A total of three debris items have been found over the last two weeks in the southeast African nation of Mozambique and on France's Réunion Island in the Indian Ocean, Malaysia’s Transport Minister Liow Tiong Lai said Monday. Authorities will reportedly analyze the debris to determine its links to the missing Malaysia Airlines Flight MH370.
Authorities will be sending the first piece of debris found two weeks ago on a sandbank in the Mozambique Channel — the ocean strait between Mozambique and Madagascar, to Australia, after the second debris item in custody of a South African family reaches Malaysia, Liow said in a statement.
Malaysian authorities confirmed that they are aware of the second fragment of debris discovered in Mozambique by the South African family, which took the piece to their hometown of KwaZulu-Natal.

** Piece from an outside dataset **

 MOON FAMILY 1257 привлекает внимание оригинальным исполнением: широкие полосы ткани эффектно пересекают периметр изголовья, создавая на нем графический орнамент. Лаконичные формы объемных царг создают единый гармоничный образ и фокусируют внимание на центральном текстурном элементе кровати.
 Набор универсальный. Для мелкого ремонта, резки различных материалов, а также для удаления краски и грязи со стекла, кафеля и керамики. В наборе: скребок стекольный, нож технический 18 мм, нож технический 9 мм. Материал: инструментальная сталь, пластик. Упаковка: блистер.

“As the debris was taken back to South Africa by the family, DCA has been in contact with the South African authorities on this matter to arrange for the South African authorities to take custody of it,” Liow said, in the statement. “A Malaysian team consisting of the Malaysian ICAO Annex 13 Safety Investigation Team for MH370, DCA and MAS will be dispatched in due course to take custody of the piece from the South African Civil Aviation Authority.”
Liow said that Malaysia wants to be "transparent and accountable in our investigation as much as possible ... that is why we want (the parts) to be verified in Australia," according to Australia's SBS news, adding that a Malaysian team will scour the beaches in Mozambique for more possible debris.

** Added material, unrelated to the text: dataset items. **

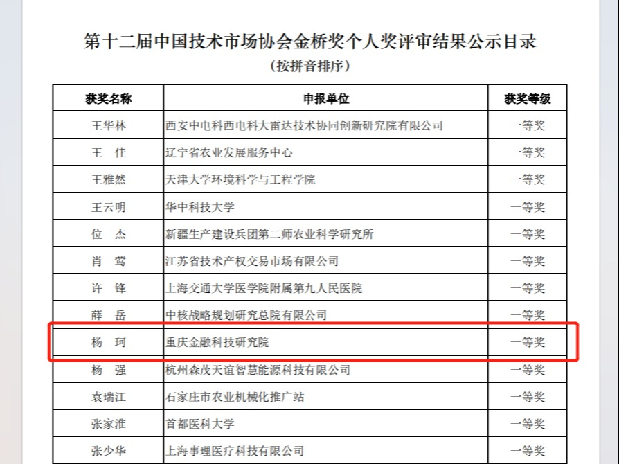 第十二届中国技术市场协会金桥奖评审结果揭晓,bat365官网重庆金融科技研究院副院长杨珂获个人奖一等奖。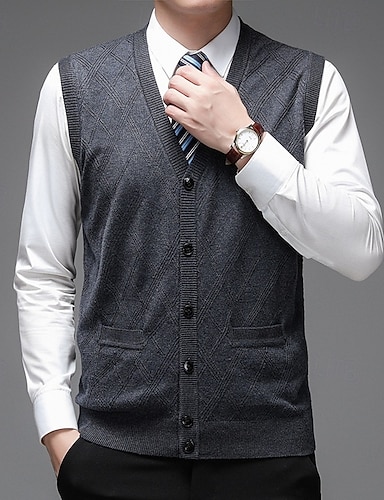 בגדי ריקוד גברים אפוד סוודר סוודר שמלה סוודר צמר מצולע לִסְרוֹג סרוג כפתור למטה טלאים צווארון V מודרני עכשווי בריטי לבוש יומיומי ליציאה ביגוד בלי שרוולים קיץ & אביב נייבי כהה אפור כהה M L XL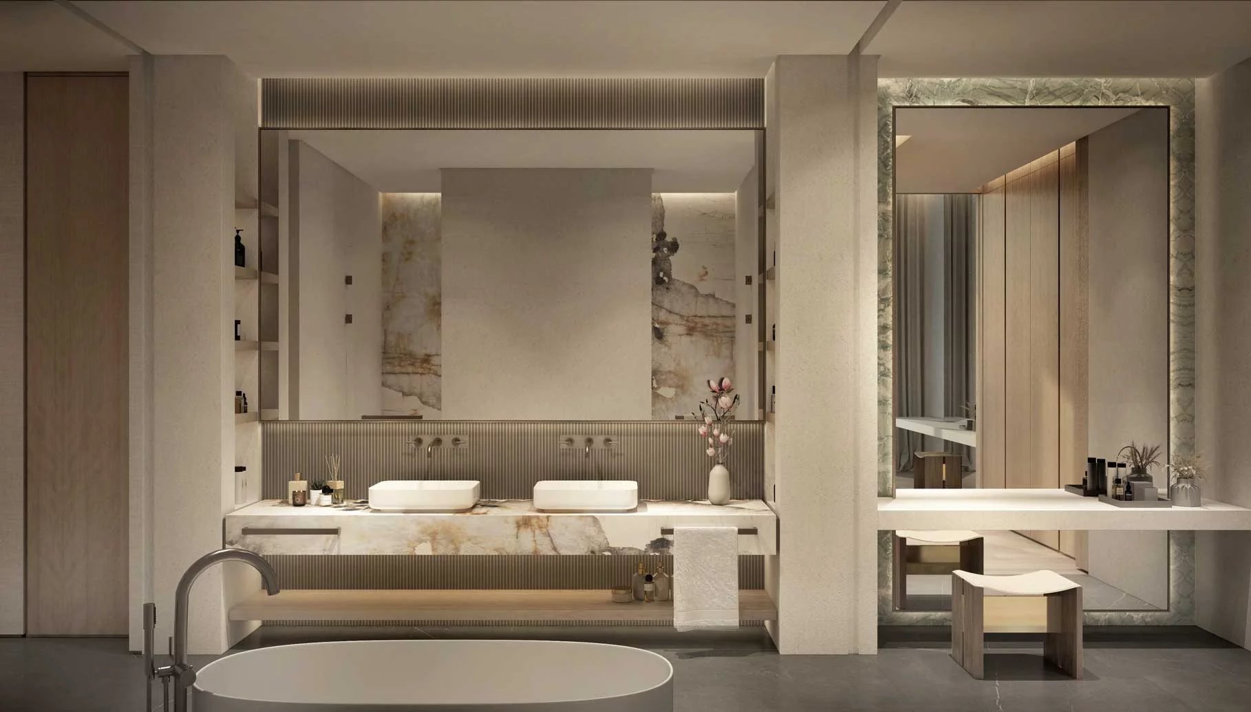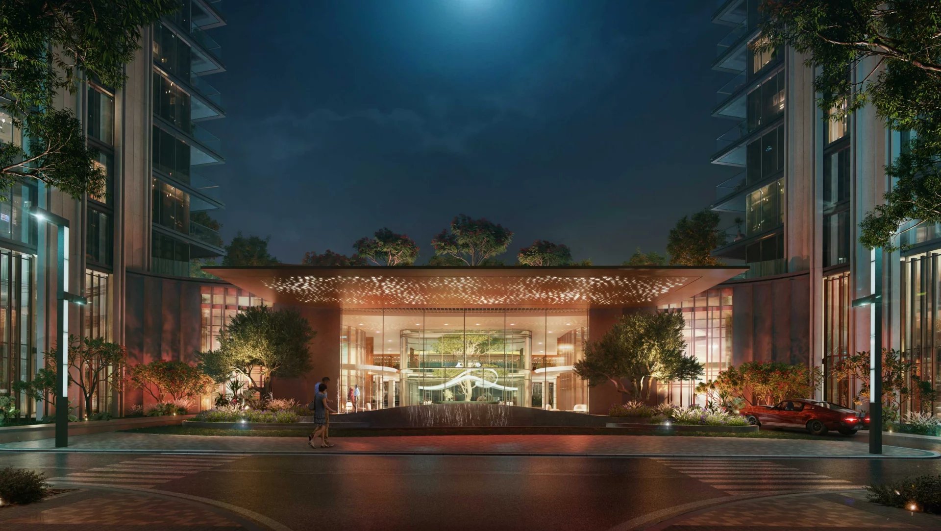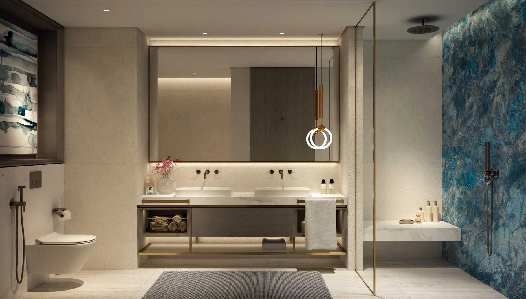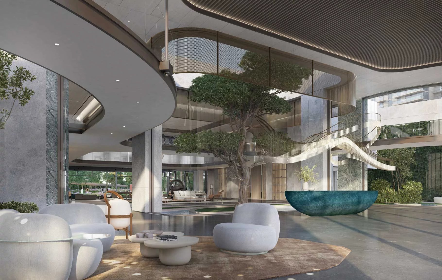 Finishing and materials: Contemporary living enhanced by superior finishes with corner panoramic views. Bedrooms with full height glass panels overlooking the park. Spacious bathrooms with variety of fixtures and high-end materials selection.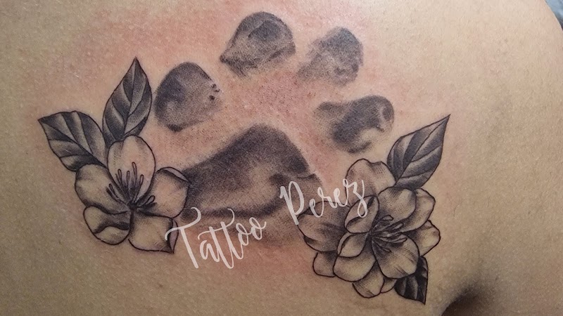 Hondenpootafdruk met bloemen en bladeren op schouderblad.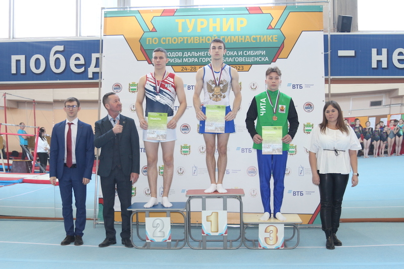 В мужской части командного первенства победа была за спортсменами из Благовещенска, на втором месте – Комсомольск-на-Амуре, на третьем – Южно-Сахалинск. В финальных соревнованиях по многоборью среди мужчин победу одержал Данила Островерхий из Ленинск-Кузнецкого, кстати до окончания школы он жил и занимался гимнастикой в Благовещенске. На втором месте Алексей Геращенко из Хабаровска, на третьем – Устин Макеев из Читы.

Liow also said in the statement that a third debris was found on Réunion Island, where a flaperon belonging to a Boeing 777-200 jet, the same type as the missing Flight MH370 was found last July.

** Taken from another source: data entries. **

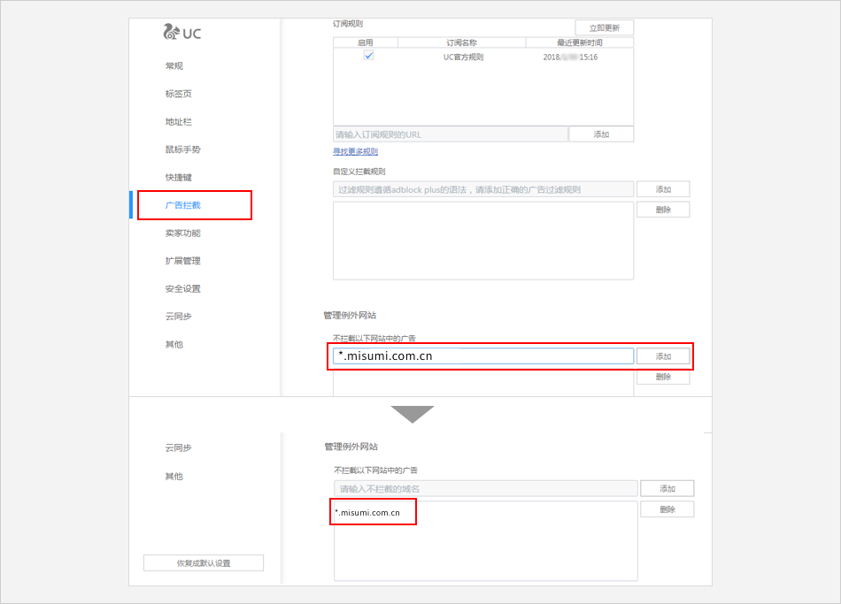 點(diǎn)擊 【廣告攔截】 ? 在右側(cè)的頁面中 【管理例外網(wǎng)站】 下方的輸入框中輸入米思米網(wǎng)址:www.thinkpadoption.com.cn ? 點(diǎn)擊 【添加】。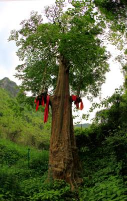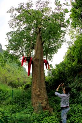 4月29日,一位林业工作人员在三峡库区湖北省巴东县茶店子镇的一颗1500年树龄的南紫薇树前拍照,收集资料。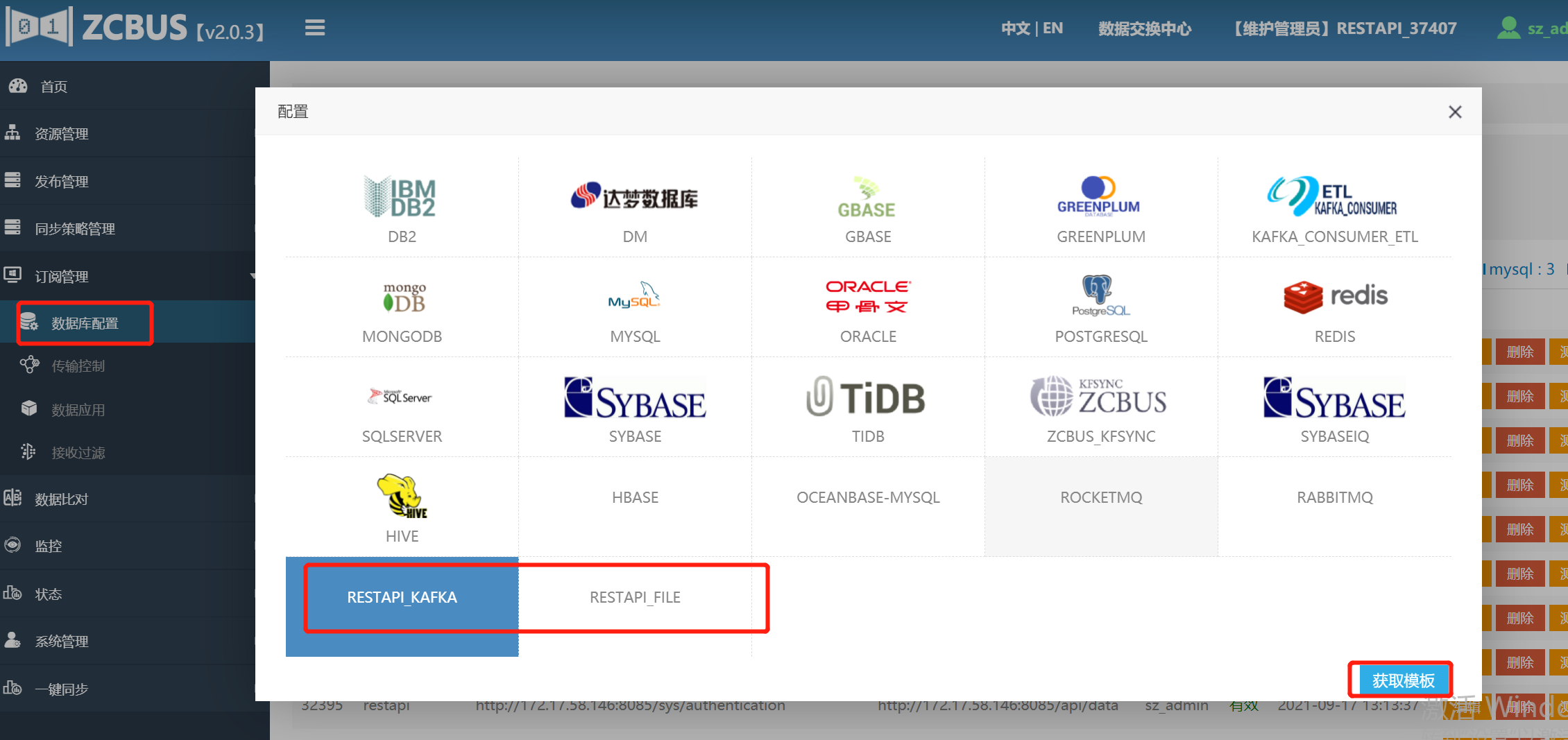 目录 搜索 ZCBUS 2.0关于ZCBUS 2.0ZCBUS 2.0简介ZCBUS 2.0 与 1.0区别ZCBUS 2.0新特性高可用&负载均衡支持列表使用限制法律声明快速入门自动化安装Kafka集群安装需求容器化安装(安装方便)非容器化部署MYSQL/KAFKA安装参考本地部署集群安装arm集群安装服务安装交换服务MYSQL/KAFKA外挂服务模式名词解释启用firewalld并部署ZCBUSWEB浏览器支持client模式安装云上云下数据交换模型docker环境修改为非root用户维护使用安装指南数据交换模型数据集中模型跨IDC数据交换模型远程数据分发模型日志监控服务OS 兼容CENTOS兼容麒麟操作系统兼容ZCBUS高级模式安装实时监控日志监控管理指南简要说明容器发布实时ORACLEXSTREAMS配置LOGMNR配置支持说明OGG配置MYSQL配置SQLSERVER配置手动关闭SQLSERVER CDC手动注册SYBASE配置FILE_BATCH配置FILE配置MONGODB配置DAMENG配置TDSQL配置OceanBase(for mysql)配置OcealBase(for oracle)配置OPEGAUSSDBPOSTGRESQLPanWeiDBTELEPGPOSTGRESQL配置PG分区表-内置分区表KingbaseES V8 (R3)配置KINGBASEGAUSSDB定时发布定时任务添加DB2INFORMIX达梦HANAYASHANCLICKHOUSE发布节点监控跨IDC发布离线文件发布注意事项策略管理数据处理函数说明使用(测试)说明数据转换订阅端配置数据转换逻辑(update)数据转换配置[新版]订阅KAFKA数据库配置通道配置数据应用HIVEHBASEUDALMONGODBOeanbase-mysqlROCKETMQRABBITMQREDISRESTAPIRESTAPI_FILERESTAPI_KAFKAupdate转delete+insert操作逻辑DB2HANAKAFKAKAFKA_V1.0KAFKA_V2.0非认证模式SASL认证v1.0 升级到 v2.0KERBEROS认证KAFKA_V3.0TOPIC使用管理表级别分区设置API客户端(service后台进程)YASHANDBFILEORACLEDATAHUB订阅节点监控比对ETL数据比对链路追踪路由网络配置(netmap路由)工具目录结构及文件说明导出导入数据比对kafka工具SSH互信自动创建工具目录结构及文件说明DDL翻译消息管理邮件告警配置系统参数任务计划网闸的发布和订阅优化调整手册二次开发手册SDK发布开发模式兼容组件服务模式兼容SDK数据处理SDK订阅常见问题附加日志命名规则123 暂无相关搜索结果! 本文档使用 MinDoc 发布 RESTAPI 特殊配置:(1)订阅管理—>数据库配置—>添加,添加选择RESTAPI类型(2)订阅管理—>数据库配置—>编辑问题1:zcbus_other存在回车时,不能全部保存,只保存第一行问题2:提交时,提示异常(3)数据应用—>数据表,修改相应的库名和表名:注:库名为topic名,表名为分区号文档更新时间: 2023-06-30 22:30 作者:阿力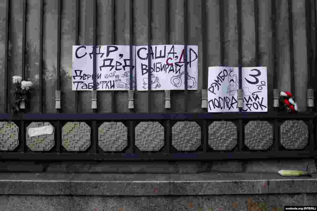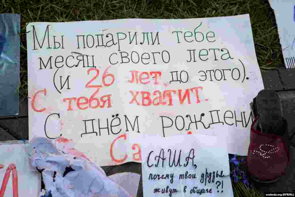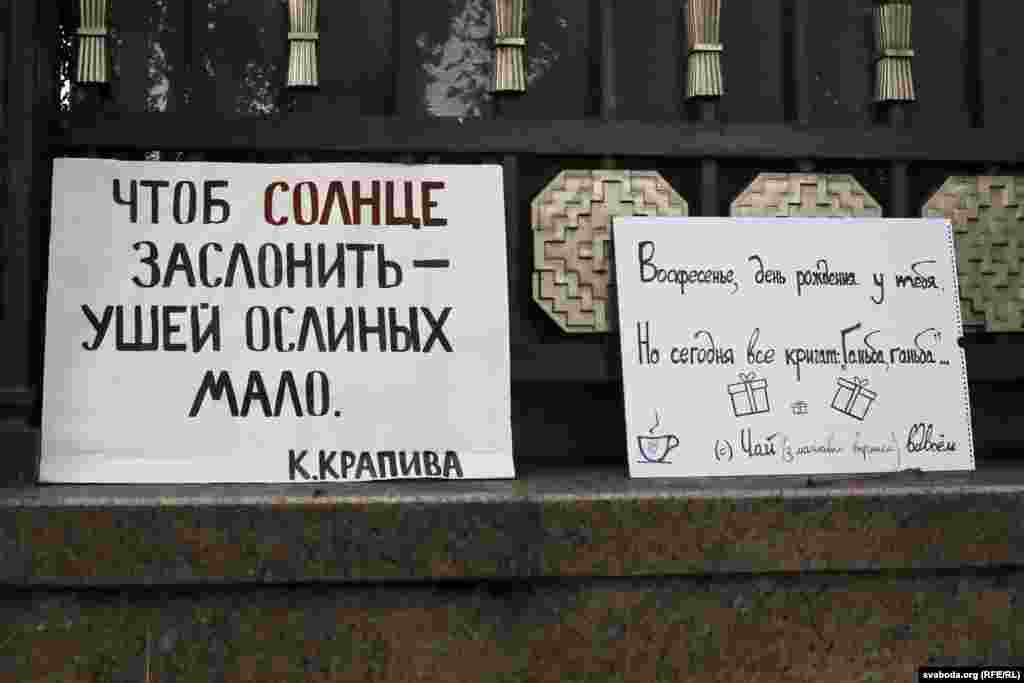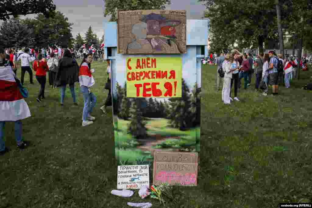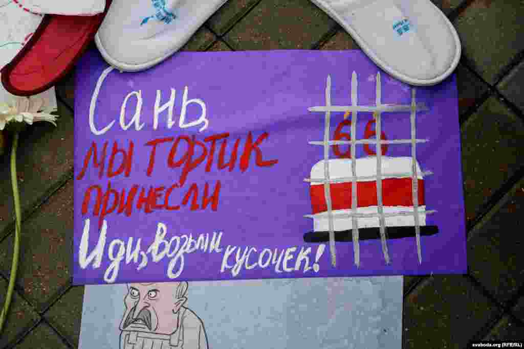 Сёньня, паводле афіцыйнага сайту president.gov.by, Аляксандру Лукашэнку спаўняецца 67 гадоў, зь іх ён ужо 27 гадоў пры ўладзе. Год таму ў гэты дзень у Менску адбыўся шматтысячны «Марш міру і салідарнасьці». Паказваем вам, зь якімі «падарункамі» прыйшлі людзі да Палацу Незалежнасьці.

“A Malaysian team from DCA and the Malaysian ICAO Annex 13 Safety Investigation Team for MH370 has inspected the piece. The debris will be transferred to France for verification by the French authorities, with the participation of the Malaysian ICAO Annex 13 Safety Investigation Team for MH370,” Liow said in the statement.
As authorities continued to work to determine the links of the debris to the missing Flight MH370, Liow urged “the public to avoid premature and unwarranted speculation.”
Flight MH370 went missing on March 8, 2014, with 239 people on board while on its way from Kuala Lumpur to Beijing. A multimillion-dollar search operation in a remote part of the southern Indian Ocean is underway, but it has not revealed any concrete clues about the plane's whereabouts. Search vessels have so far scoured 34,749 sq. miles of the total 46,332 sq. miles of designated search area, while authorities have said the search is due to be called off in June if no wreckage is found.
“It is important to re-emphasize that at this juncture, it has not been confirmed whether any of the recovered debris came from MH370. It is therefore crucial for verification of all three pieces to be conducted by the respective teams of experts in Australia and France,” Liow said.